Oral risdiplam (Evrysdi, Genentech) administered within the first six weeks of life has enabled most infants with presymptomatic spinal muscular atrophy (SMA) to achieve motor milestones typical of healthy babies, according to the RAINBOWFISH study. The findings, published in The New England Journal of Medicine, highlight the potential of early intervention in altering the disease trajectory.
Infants treated before the onset of clinical signs or symptoms of SMA demonstrated significantly better functional and survival outcomes at 12 and 24 months compared to untreated infants in natural history studies. “The impact of giving risdiplam soon after birth is quite dramatic. By age 2, we saw most of the children who we had treated were walking and in good general health,” said Dr. Richard Finkel, director of the experimental neuroscience program at St. Jude Children’s Research Hospital, Memphis, Tennessee.
Understanding Spinal Muscular Atrophy and Risdiplam
SMA is a rare and often fatal genetic disease characterized by progressive muscle weakness. It affects approximately 1 in 10,000 babies and is caused by a mutation in the survival motor neuron 1 (SMN1) gene, which is crucial for the maintenance and function of motor neurons. Risdiplam, an orally administered small molecule, increases the production of the SMN protein, offering a new avenue for treatment.

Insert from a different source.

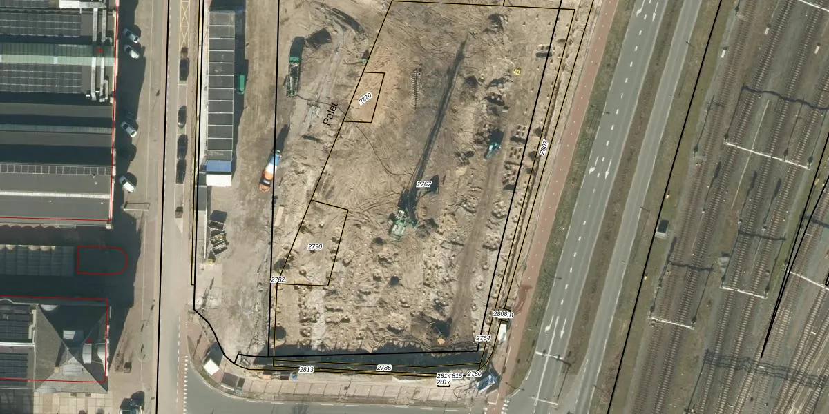 Het perceel waarop Palet 160 staat heeft een oppervlakte van 3690 m². Dit is een zeer groot perceel. De perceeloppervlakte wordt geregistreerd door het Kadaster. Gedetailleerde informatie over de maten van dit perceel kunt u vinden in het rapport Kadastrale kaart met maatvoering van Palet 160.

The U.S. Food and Drug Administration (FDA) first approved oral risdiplam in 2020 for children older than two years with SMA. In 2022, the approval was extended to include presymptomatic infants younger than two months, based on data from the RAINBOWFISH study.
RAINBOWFISH Study: Key Findings
The open-label study enrolled infants genetically diagnosed with SMA but without significant clinical signs or symptoms. These infants began daily oral risdiplam treatment as early as 16 days old, with doses adjusted to 0.2 mg/kg of body weight.
Among the eight children predisposed to the most severe form of SMA, type 1, seven were able to sit by 12 months, and five could walk by 24 months. Of the 18 children with three or more copies of the SMN2 gene, all could sit by 12 months and walk by 24 months, with most achieving these milestones within typical timeframes for children without SMA.
All 23 infants who completed the 24-month assessment were alive without respiratory support, maintaining swallowing and oral feeding abilities, and none experienced major treatment-related adverse events.
The Importance of Early Treatment
Dr. Aledie Navas from Nemours Children’s Hospital in Orlando, Florida, emphasized the transformative potential of early treatment, stating, “For families facing a diagnosis of SMA, the results of this study offer real hope. Treating children before symptoms appear — when they are still developing normally — can change the entire trajectory of the disease.”
Researchers are now exploring the safety and efficacy of administering risdiplam prenatally, with promising early results reported earlier this year. This proactive approach could further enhance outcomes for those at risk of SMA.
Comparative Treatments and Future Directions
In a related editorial, Dr. Charlotte Sumner from Johns Hopkins University School of Medicine noted that risdiplam is one of three approved SMN-inducing treatments for SMA, alongside nusinersen and onasemnogene abeparvovec. “All three drugs are substantially more effective when started before symptom onset, which has prompted neonatal screening programs for SMA in many countries to hasten treatment initiation,” Sumner explained.
She further highlighted that early treatment could not only halt irreversible neurodegeneration but also facilitate normal motor-neuron and muscle development, offering a brighter future for affected infants.
The RAINBOWFISH study was supported by F. Hoffman-La Roche. Dr. Finkel has collaborated with various pharmaceutical companies, while Dr. Navas reported no disclosures. Full author disclosures are available in the original article.
As research continues, the medical community remains hopeful that these advancements will lead to improved quality of life for those affected by SMA, underscoring the critical role of early diagnosis and intervention.